### How to complete this task
Repeat all of the data word for word so that only the pictures are missing from the copy.

[[ Data excerpt, beginning ]]

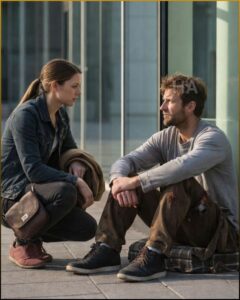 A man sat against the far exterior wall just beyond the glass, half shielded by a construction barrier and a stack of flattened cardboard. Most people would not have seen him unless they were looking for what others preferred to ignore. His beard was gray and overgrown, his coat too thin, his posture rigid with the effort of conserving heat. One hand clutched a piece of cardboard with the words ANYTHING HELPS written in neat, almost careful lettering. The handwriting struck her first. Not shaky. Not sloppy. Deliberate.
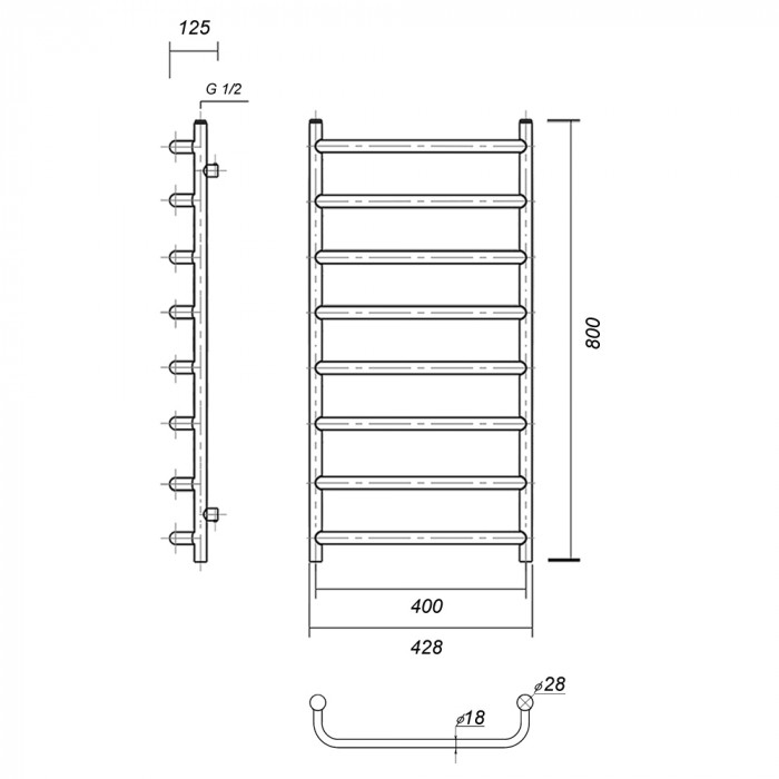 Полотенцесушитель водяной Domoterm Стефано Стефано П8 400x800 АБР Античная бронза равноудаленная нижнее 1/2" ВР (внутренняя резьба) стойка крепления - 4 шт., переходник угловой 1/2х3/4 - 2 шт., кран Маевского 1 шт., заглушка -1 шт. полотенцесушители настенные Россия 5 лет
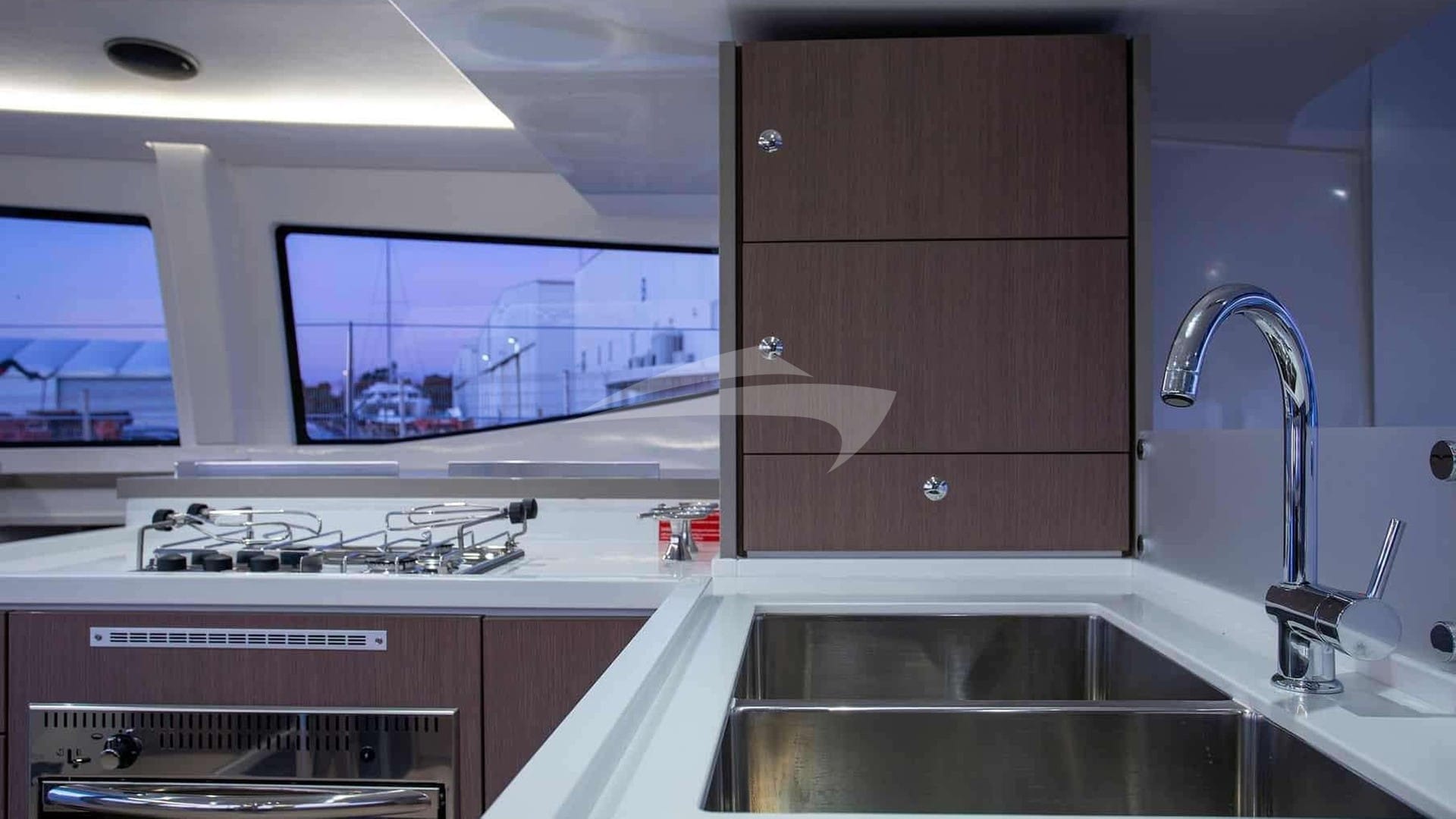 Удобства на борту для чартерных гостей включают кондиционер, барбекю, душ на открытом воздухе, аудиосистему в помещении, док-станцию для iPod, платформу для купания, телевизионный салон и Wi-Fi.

[[ Data excerpt, end ]]

### Exercise solution
 A man sat against the far exterior wall just beyond the glass, half shielded by a construction barrier and a stack of flattened cardboard. Most people would not have seen him unless they were looking for what others preferred to ignore. His beard was gray and overgrown, his coat too thin, his posture rigid with the effort of conserving heat. One hand clutched a piece of cardboard with the words ANYTHING HELPS written in neat, almost careful lettering. The handwriting struck her first. Not shaky. Not sloppy. Deliberate.
 Полотенцесушитель водяной Domoterm Стефано Стефано П8 400x800 АБР Античная бронза равноудаленная нижнее 1/2" ВР (внутренняя резьба) стойка крепления - 4 шт., переходник угловой 1/2х3/4 - 2 шт., кран Маевского 1 шт., заглушка -1 шт. полотенцесушители настенные Россия 5 лет
 Удобства на борту для чартерных гостей включают кондиционер, барбекю, душ на открытом воздухе, аудиосистему в помещении, док-станцию для iPod, платформу для купания, телевизионный салон и Wi-Fi.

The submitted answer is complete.